"Collecting the New" is the first book on the questions and
challenges that museums face in acquiring and preserving
contemporary art. Because such art has not yet withstood the test
of time, it defies the traditional understanding of the art museum
as an institution that collects and displays works of
long-established aesthetic and historical value. By acquiring such
art, museums gamble on the future. In addition, new technologies
and alternative conceptions of the artwork have created special
problems of conservation, while social, political, and aesthetic
changes have generated new categories of works to be collected.

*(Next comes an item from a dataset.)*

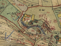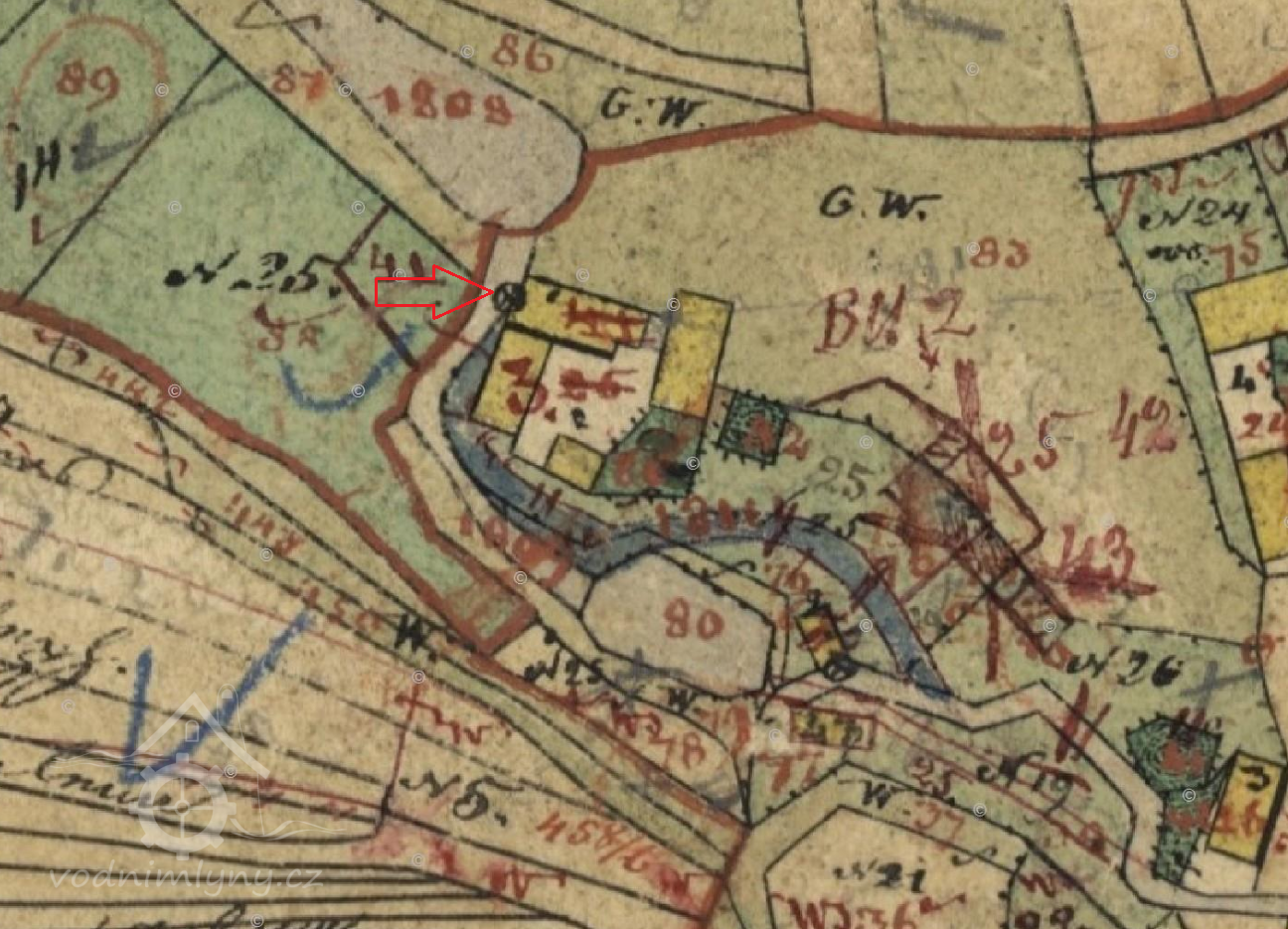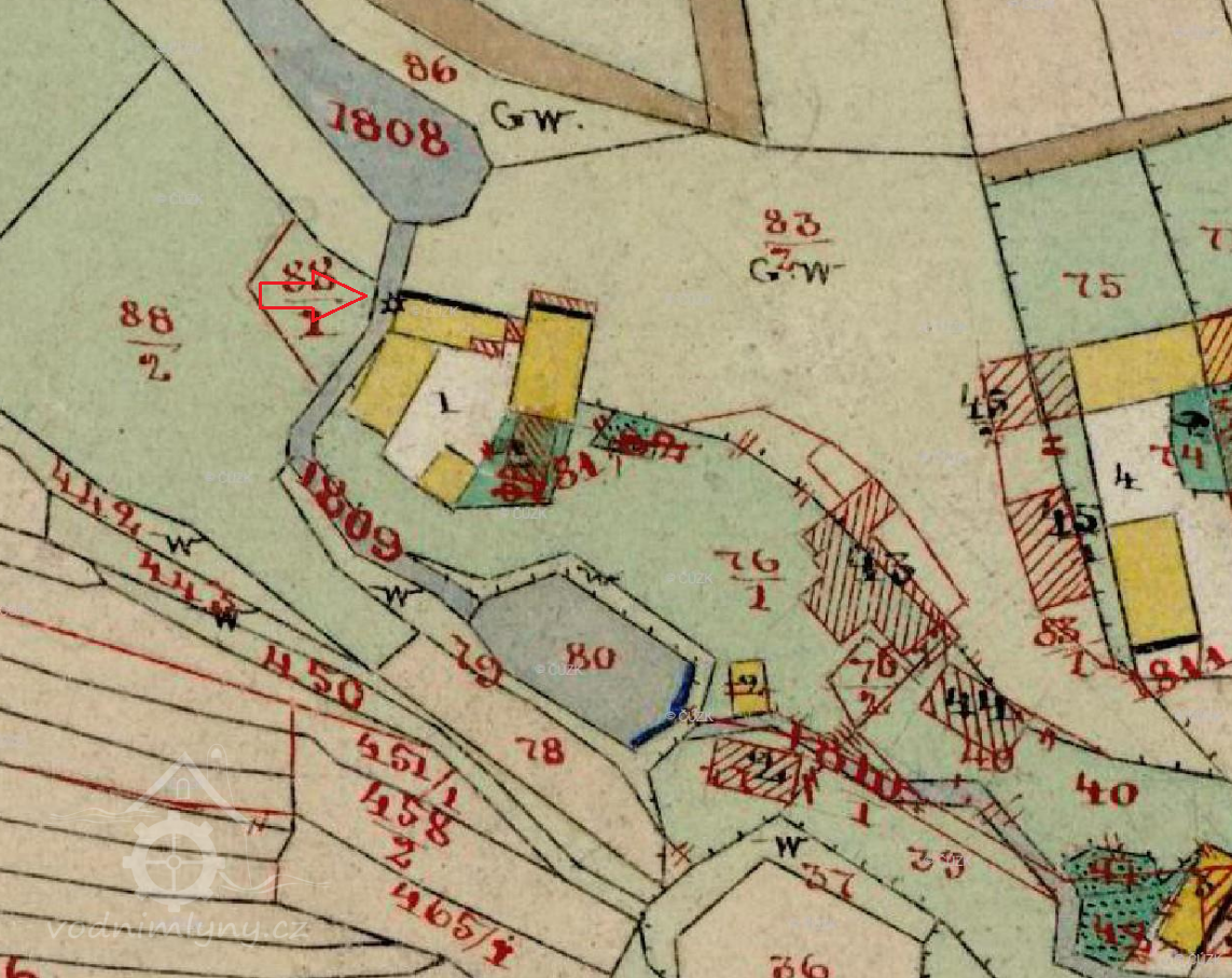 Dle vodní knihy držel mlýn v roce 1874 Anton Achterling. Za něj byl v roce 1877 u mlýna zasazen vodní cejch, který určoval výšku vodu na přítoku z vodní nádrže. Cejch měl podobu mosazné tabulky s iniciálami a letopočtem A.A. 1877. Usedlost se tehdy skládala z provozní, obytné a hospodářské části.

Following Bruce Altshuler's introduction on the European and
American history of museum collecting of art by living artists, the
book comprises newly commissioned essays by twelve distinguished
curators representing a wide range of museums. First considered are
general issues including the acquisition process, and collecting by
universal survey museums and museums that focus on modern and
contemporary art. Following are groups of essays that address
collecting in particular media, including prints and drawings, new
(digital) media, and film and video; and national- and
ethnic-specific collecting (contemporary art from Asia, Africa, and
Latin America, and African-American art). The closing essay
examines the conservation problems created by contemporary
works--for example, what is to be done when deterioration is the
artist's intent?
The contributors are Christophe Cherix, Vishakha N. Desai,
Steve Dietz, Howard N. Fox, Chrissie Iles and Henriette Huldisch,
Pamela McClusky, Gabriel Perez-Barreiro, Lowery Stokes Sims, Robert
Storr, Jeffrey Weiss, and Glenn Wharton."